Use of this technique by MRS demonstrated a neural mechanism responsible for these hallucinations since brain GABA is a normal inhibitory neurotransmitter which in its absence may allow brain signals, which are normally repressed, to be perceived by the patient and recognized as taste distortions or hallucinations.
Auditory neuropathy is a term used to describe a type of hearing impairment caused by abnormal neural coding of sound stimuli despite preservation of sensory transduction and amplification by outer hair cells of the ear (4). This term was coined for a type of hearing impairment affecting speech comprehension beyond changes in audibility (4). Patients with this condition report that “they can hear but they cannot understand” speech (4). This type of impairment has been reported to be caused by damage to the sensory inner hair cells of the ear – the receptors used by the ear to “hear sounds”. This type of sensory abnormality may be similar to the receptor abnormality presumed to occur in patients with phantageusia. Indeed, patients with auditory neuropathy also report a decrease in auditory acuity (4) which has been measured in these patients and which is similar to the loss of taste acuity measured in patients with phantageusia (1).
Whereas treatment for auditory neuropathy is currently unknown treatment for phantageusia, based on fMRI and MRS studies are present.
Based upon the decreased brain GABA levels, we initially treated these patients with GABAergic drugs (5). The treatment increased brain GABA levels as measured by MRS and inhibited the presence of these gustatory hallucinations as measured by fMRI (3). We next hypothesized that repetitive transcranial magnetic stimulation (rTMS) of brain might have a similar effect. We used this technique and found that in most patients, this procedure also increased brain GABA (5) and inhibited the gustatory hallucinations (5). On occasion, this treatment was associated with an increase in taste acuity (5).
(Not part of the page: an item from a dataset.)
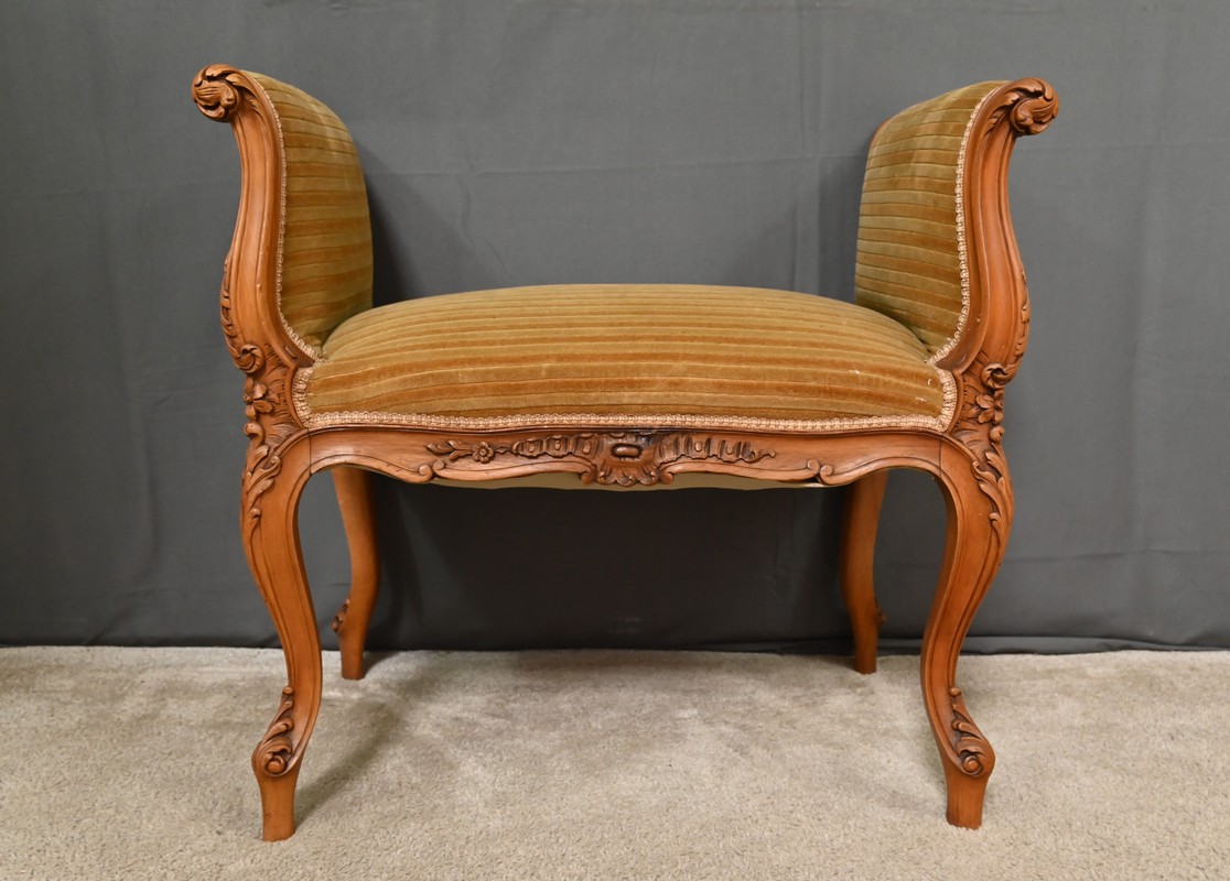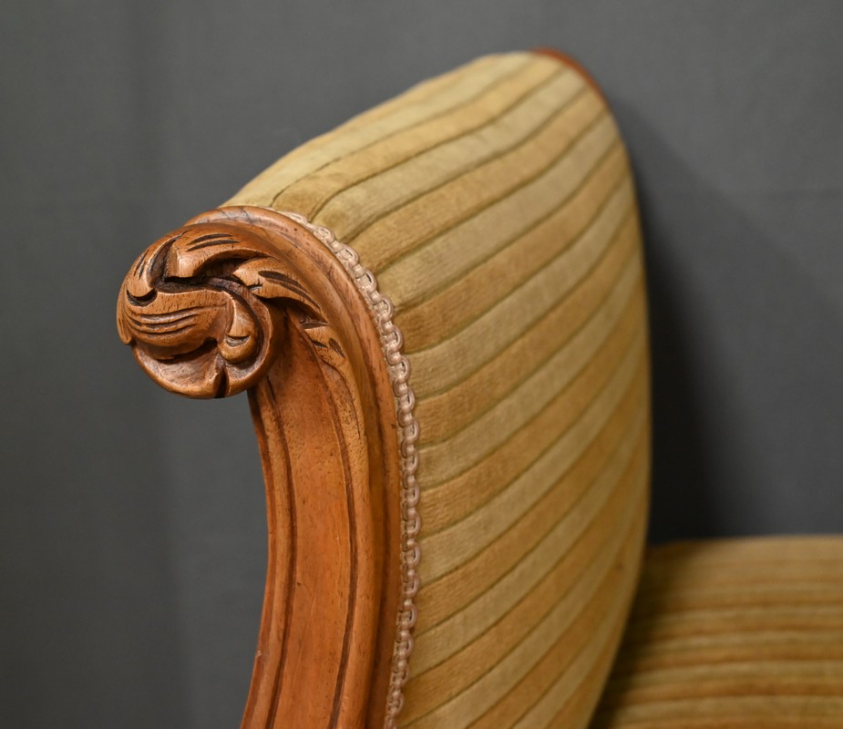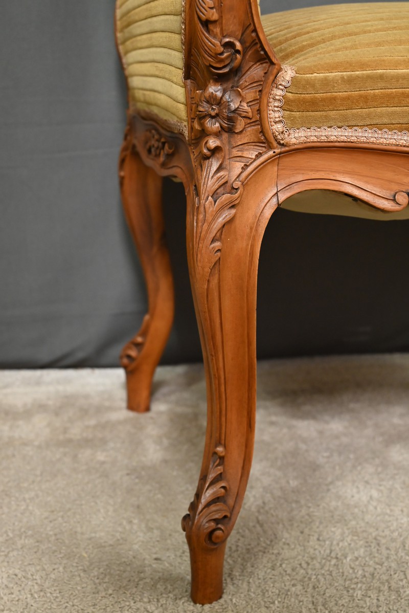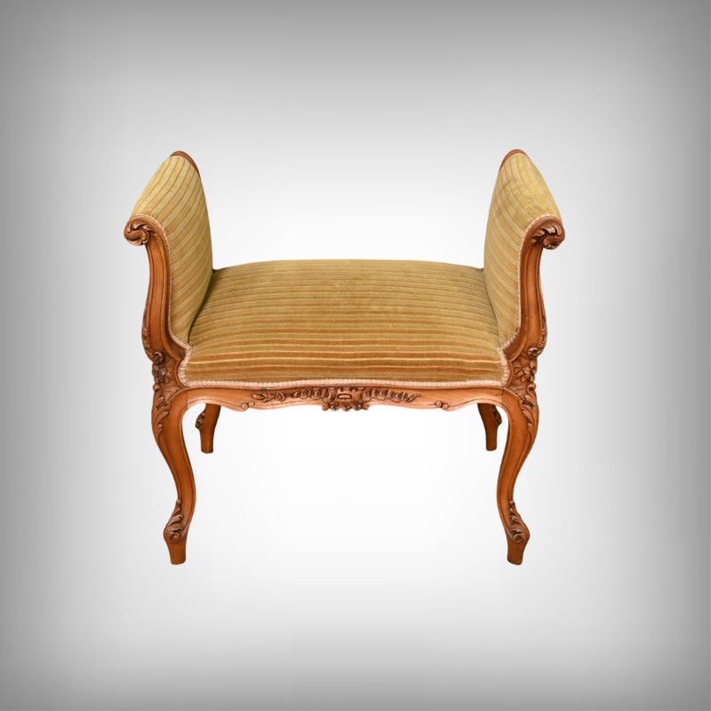 Élégante et raffinée, cette petite banquette une place à accotoirs, en acajou blond, incarne le charme intemporel du style Louis XV.

While the detailed neural mechanisms related to auditory neuropathy are not well understood they have been reported to involve presynaptic loading of synaptic vesicles, Ca2+ influx, or synaptic vesicle exocytosis (4). In our studies, increased brain GABA by use of rTMS inhibited gustatory hallucinations in 80% of patients (6). However, the specific brain correlates of this initiation or treatment of these phantageusias have not yet been determined.